在消费时,一般会配置bootstrap_servers、group_id、enable_auto_commit、auto_offset_reset这几个基本参数,另外比较常见且重要的配置参数:

  • max_poll_records: 指定在单个poll中返回的最大记录数,只控制poll返回的记录数,不影响获取(fetch),默认值500。
  • fetch_max_bytes: 服务器应为获取请求返回的最大数据量,默认值52428800(50 MB)。
  • max_partition_fetch_bytes: 服务器将返回的每个分区的最大数据量,默认值1048576(1M)。注意这里限制的是每个分区,客户端可以消耗的最大内存量是max.partition.fetch.bytes * num_partitions,其中num_partitions是消费者当前正在获取的分区总数。

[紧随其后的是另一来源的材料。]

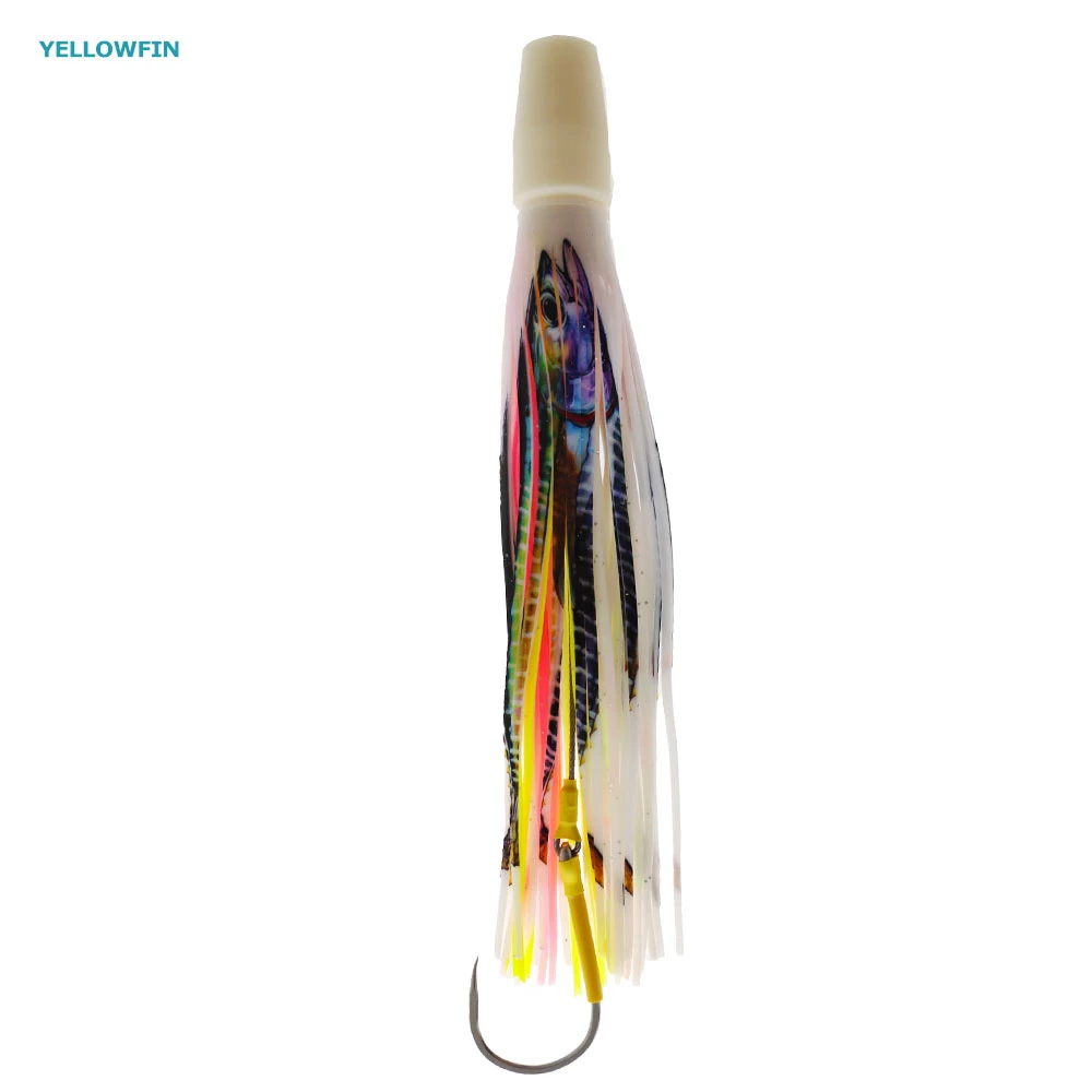 The Pakula 3D Printhead Guru Rigged Game Lure is a long corner, long rigger and shot gun special. Its straight, tight swimming action will continue in any sea conditions at most trolling speeds, including the slower fuel saving speeds of 6 to 6.5 knots. It features a new fishing skirt design for that ultra-realistic swimming action. The fish skirt and 3D patented lure head work together to give the lure an unbelievably attractive action and the option to run on multiple angles, perfect when trolling skirts for Marlin and Tuna. The Pakula 3D Printhead Guru Rigged Game Lure is a true testament to Pakula’s dedication to giving you only the best.

关于fetch_max_bytes和max_partition_fetch_bytes的限制可以查看 KIP-74: Add Fetch Response Size Limit in Bytes

场景测试

接下来我们看一个常见应用场景: 假设consumer除基本参数配置外,配置max_poll_records为5000,希望每次对5000条数据进行处理。但因为max_partition_fetch_bytes默认是1M,按示例文本大小,单个poll中返回的最大记录数小于5000,仅有701条,达不到预期。那么通过修改max_partition_fetch_bytes参数,比如20971520(20M),能够得到期望的5000条数据。

通过图上抓包捕获的数据包大小对比也可以看出限制,但这里有个细节,1.13KB * 5000是小于20M的,为什么捕获数据包大小是21M?我们来分析下数据包,之前提过我打点的point字段从0开始,通过Wireshark的Follow TCP或者Wireshark解码的Payload,可以看到consumer程序消费的数据从0开始,Fetch Response返回的数据到了point 16021,远大于设定的5000条。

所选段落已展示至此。